Aim of the task: Lines before the one containing "长鑫科技科创板IPO获受理,拟募资295亿元" are not copied; that line and every one after it, through the end of the material below, are printed exactly, without pictures.

Dataset section:
=-=-=
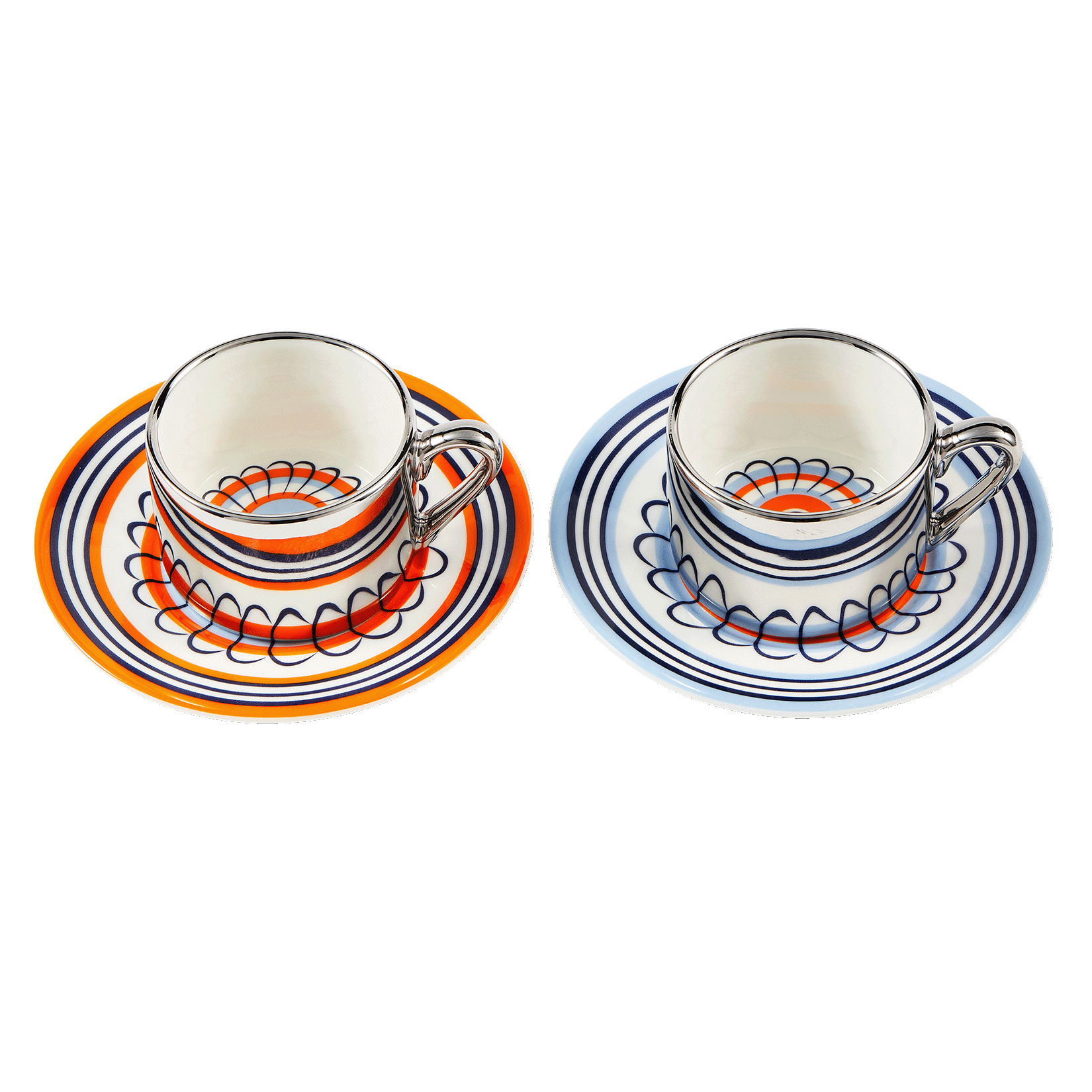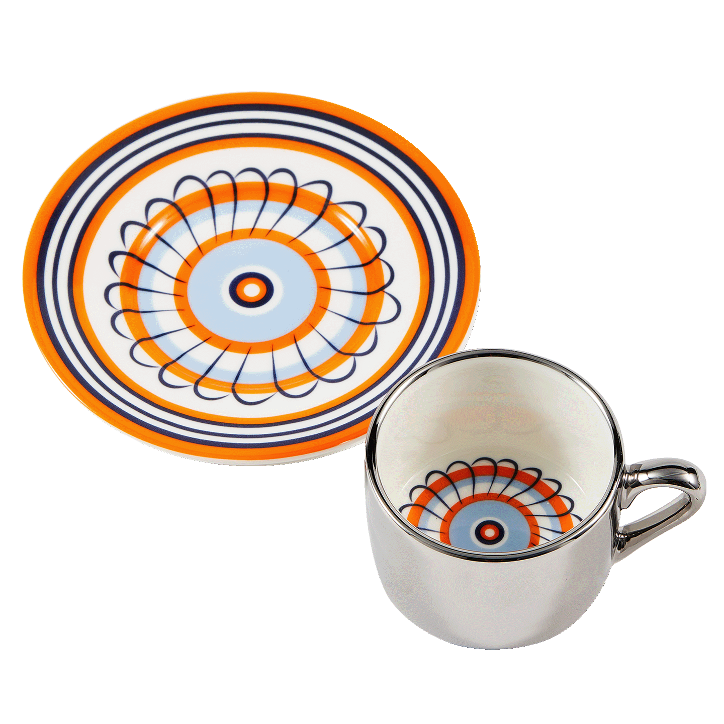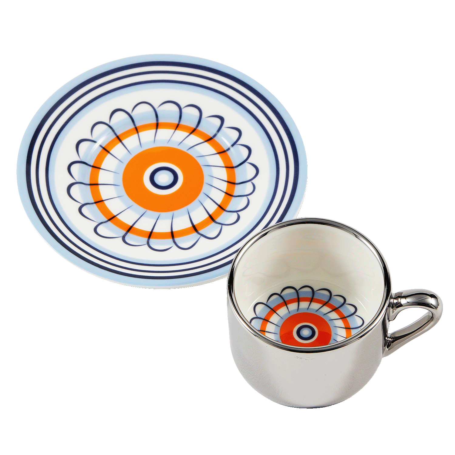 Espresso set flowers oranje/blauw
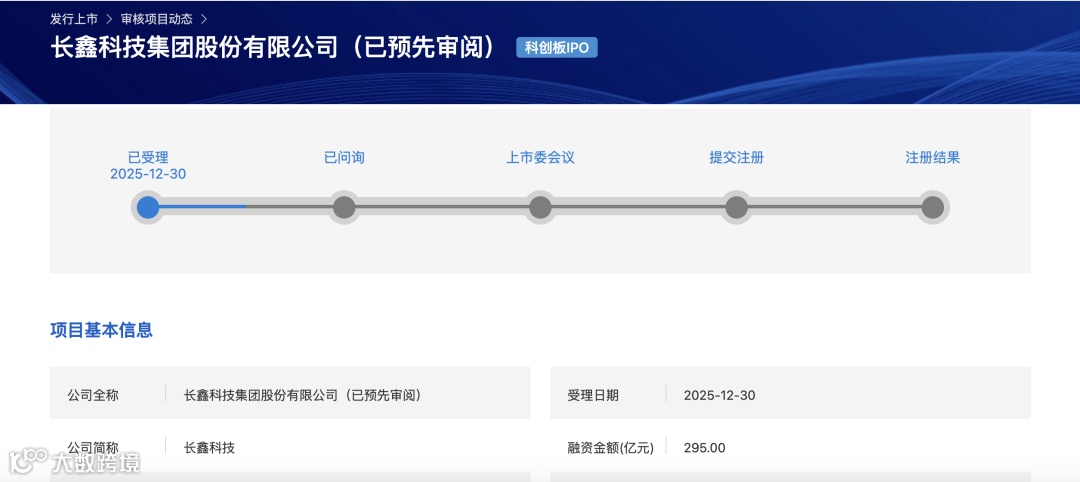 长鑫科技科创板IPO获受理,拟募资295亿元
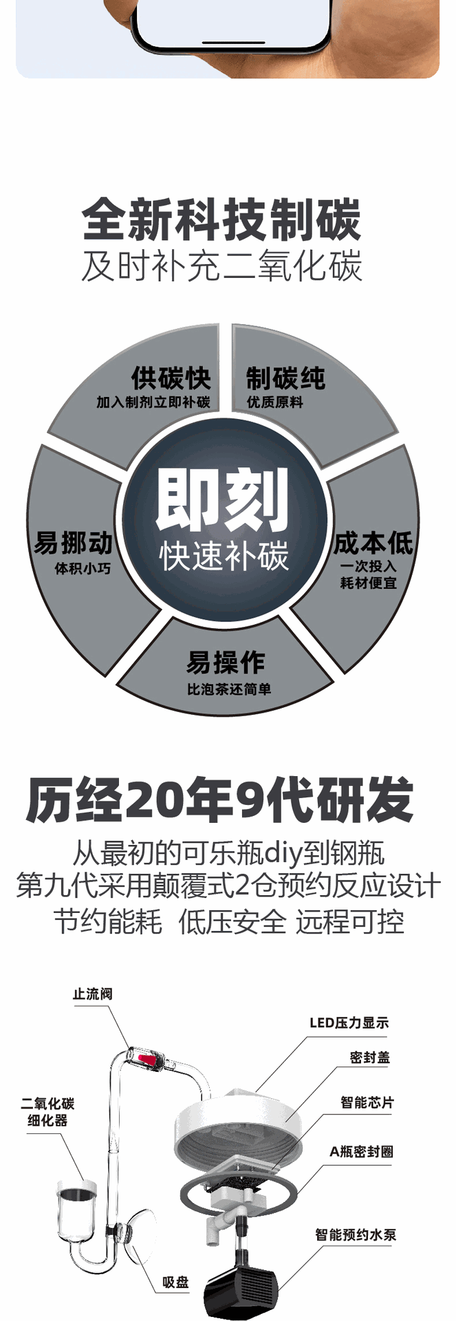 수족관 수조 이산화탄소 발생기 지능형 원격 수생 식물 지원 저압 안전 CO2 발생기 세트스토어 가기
=-=-=
Output for this exercise:
 长鑫科技科创板IPO获受理,拟募资295亿元
 수족관 수조 이산화탄소 발생기 지능형 원격 수생 식물 지원 저압 안전 CO2 발생기 세트스토어 가기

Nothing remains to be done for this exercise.